Identification of novel antibiotic resistance genes through large-scale data analysis

Sammanfattning: Antibiotic resistance is increasing worldwide, and is considered a serious threat to public health by e.g. the World Health Organization. Antibiotic resistance genes are hypothesized to originate from harmless bacteria in and around us, from where they are horizontally transfered into human pathogens. It is therefore of great importance to explore human-associated and environmental bacterial communities to identify novel antibiotic resistance genes before they reach clinical settings. The three papers presented in this thesis aim to identify novel antibiotic resistance genes in large genomic and metagenomic datasets. In paper I, the aim was to identify novel genes of the clinically important subclass B1 metallo-β-lactamases. By analyzing whole bacterial genomes as well as metagenomes from environmental and human-associated bacterial communities, 76 novel putative B1 genes were predicted. Twenty-one of these were selected for experimental validation, whereof 18 expressed the predicted phenotype in E. coli. Phylogentic analysis revealed that the novel genes formed 59 previously undescribed gene families.

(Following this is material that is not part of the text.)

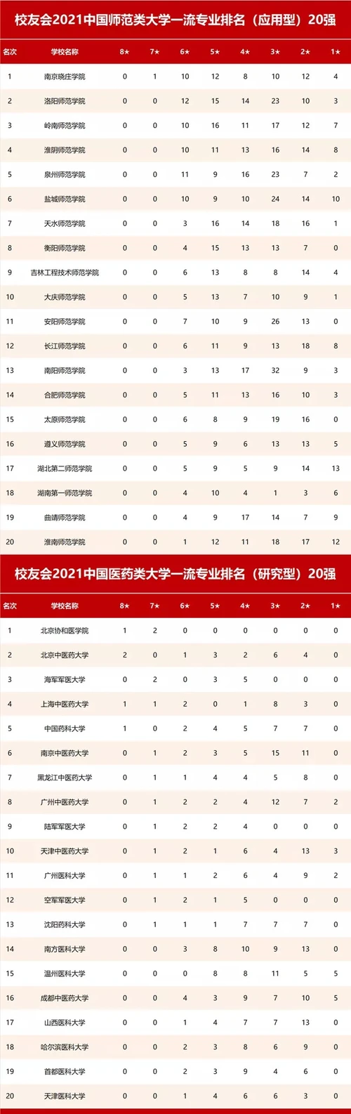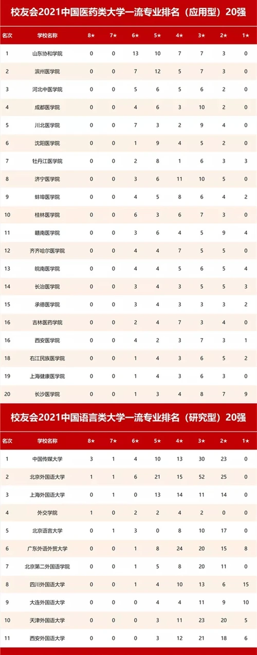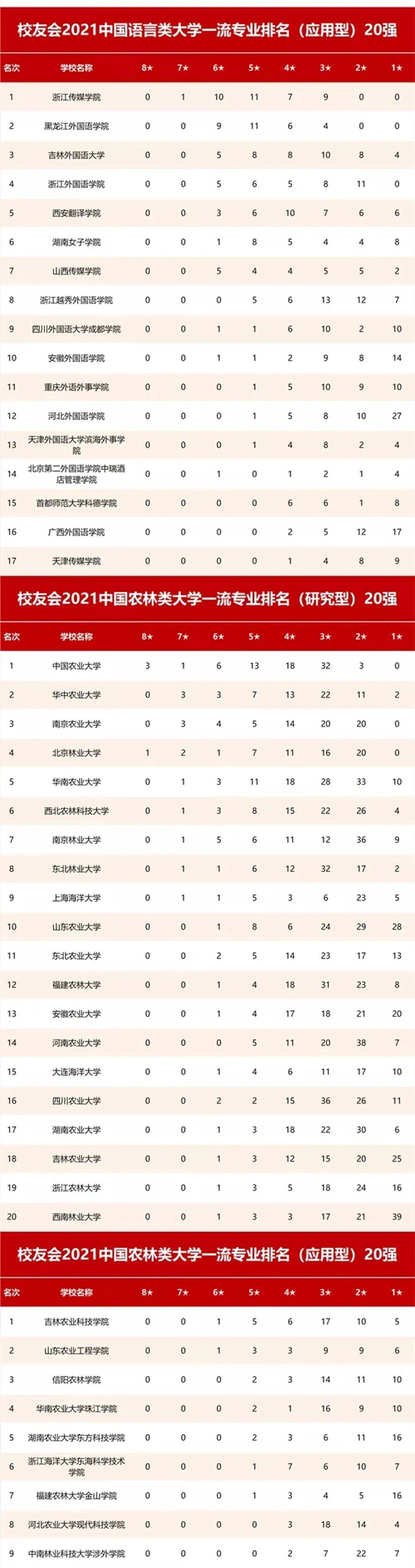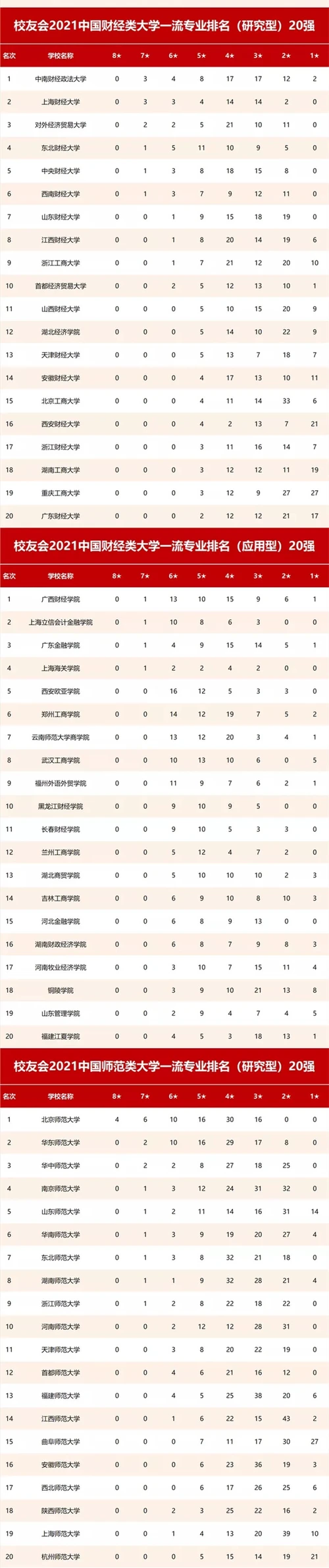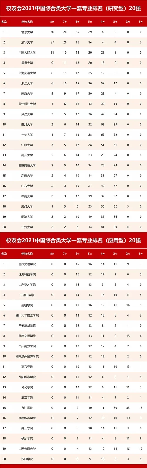 在最新2021校友会中国各类型大学一流专业排名中,北京大学、中南财经政法大学、北京师范大学、中国科学技术大学、中国农业大学、中国传媒大学、中央美术学院、北京协和医学院、中央民族大学、北京体育大学、中国政法大学分列2021中国综合类、财经类、师范类、理工类、农林类、语言类、艺术类、医药类、民族类、体育类、政法类大学一流专业排名(研究型)第一。

In paper II, a large volume of genomic and metagenomic data was searched for novel plasmid-mediated quinolone resistance (qnr ) genes. In total, 611 qnr genes were predicted, of which 20 were putative novel. Nine of these were experimentally tested in E. coli, whereof eight expressed the predicted phenotype. In paper III, a new method for identification and reconstruction of novel antibiotic resistance genes from fragmented metagenomic data was presented. The method is based on gene specific models, which are optimized for a high sensitivity and specificity. The method is furthermore computationally efficient and can be applied to any class of resistance genes. The results of this thesis provides a deeper insight to the diversity and evolutionary history of two types of clinically relevant antibiotic resistance genes. It also provides new methods for efficient and reliable identification of novel resistance genes in fragmented metagenomic data.